Please reproduce the records exactly, leaving out any pictures.

__Entries supplied__
━━━━━━━━━━━━━━━━━━━━━━━━━━━━━━
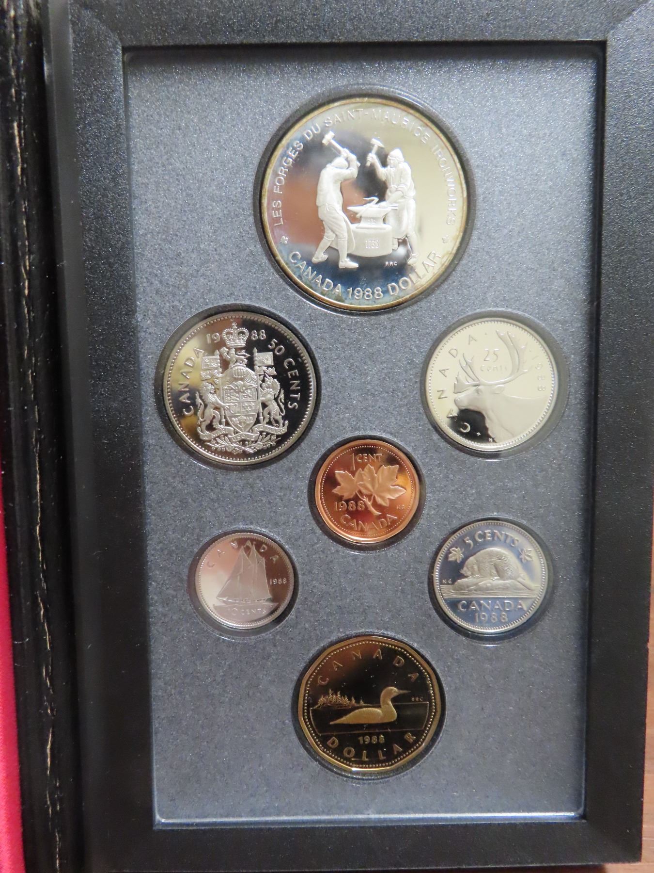1988 Double Dollar Proof Set. Silver Dollar commemorates the first heavy industry in Canada. Proof with Ultra Heavy Cameos. Housed in its original Royal Canadian Mint case of issue. Includes Certificate of Authenticity.
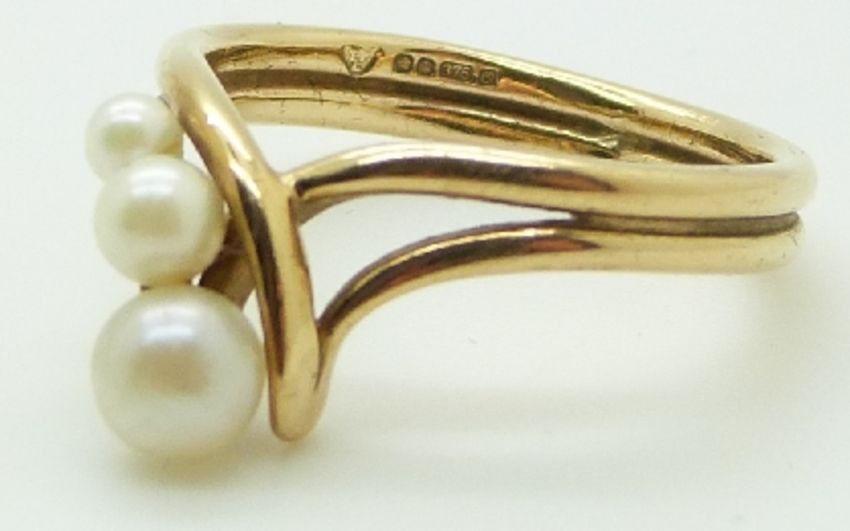 A 9ct gold ring set with pearls and a 9ct gold eternity ring set with opals, 5.2g,
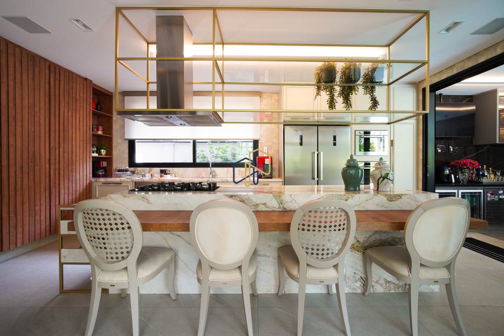 • Cozinha com ilha em mármore Calacata Nuvolato
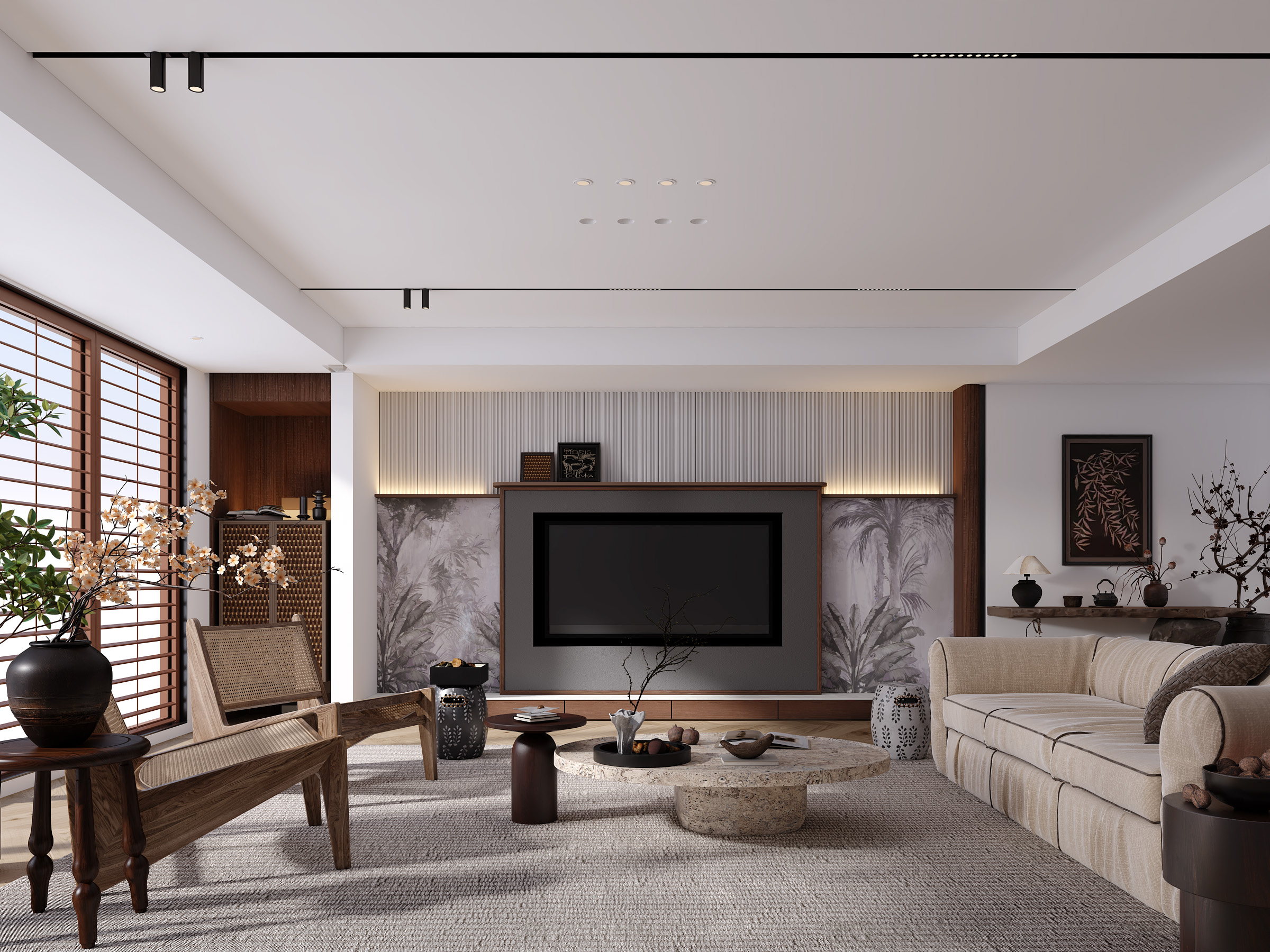 新中式9A木電視背景墻,別墅與平層的設(shè)計(jì)哲學(xué)…
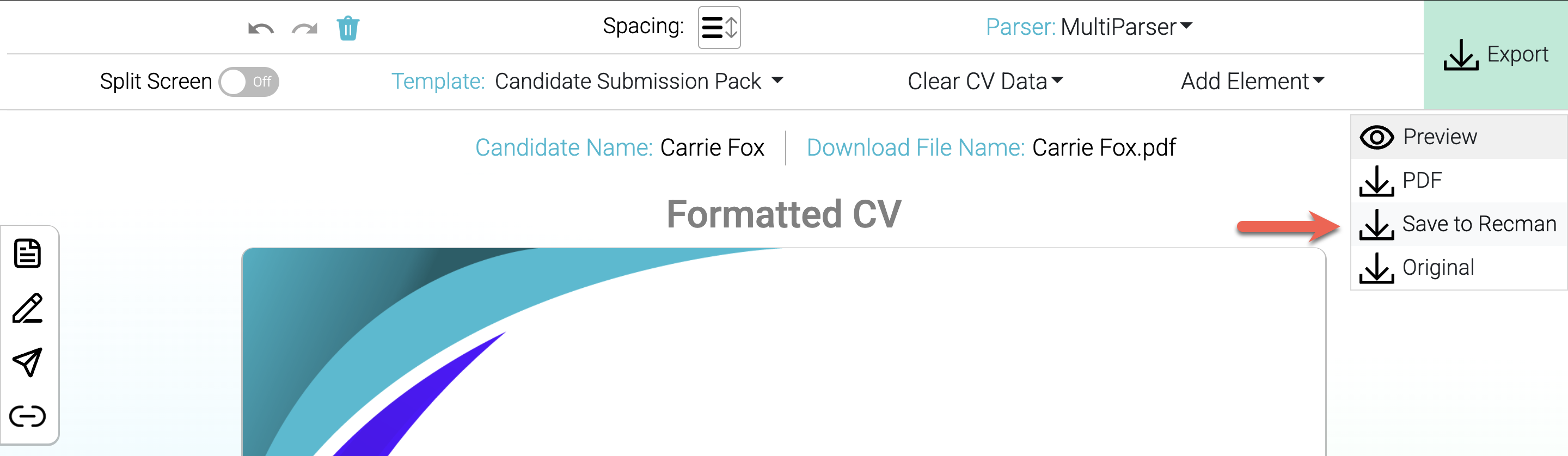 Använd HireAras gränssnitt för att formatera CV:t enligt dina mallar. Upptäck mer om att skapa mallar i HireAra genom att besöka deras dedikerade hjälpartikel här. Använd sedan Export-knappen för att spara det formaterade CV:t direkt tillbaka till kandidatvyn i RecMan.
━━━━━━━━━━━━━━━━━━━━━━━━━━━━━━
__Result__
1988 Double Dollar Proof Set. Silver Dollar commemorates the first heavy industry in Canada. Proof with Ultra Heavy Cameos. Housed in its original Royal Canadian Mint case of issue. Includes Certificate of Authenticity.
 A 9ct gold ring set with pearls and a 9ct gold eternity ring set with opals, 5.2g,
 • Cozinha com ilha em mármore Calacata Nuvolato
 新中式9A木電視背景墻,別墅與平層的設(shè)計(jì)哲學(xué)…
 Använd HireAras gränssnitt för att formatera CV:t enligt dina mallar. Upptäck mer om att skapa mallar i HireAra genom att besöka deras dedikerade hjälpartikel här. Använd sedan Export-knappen för att spara det formaterade CV:t direkt tillbaka till kandidatvyn i RecMan.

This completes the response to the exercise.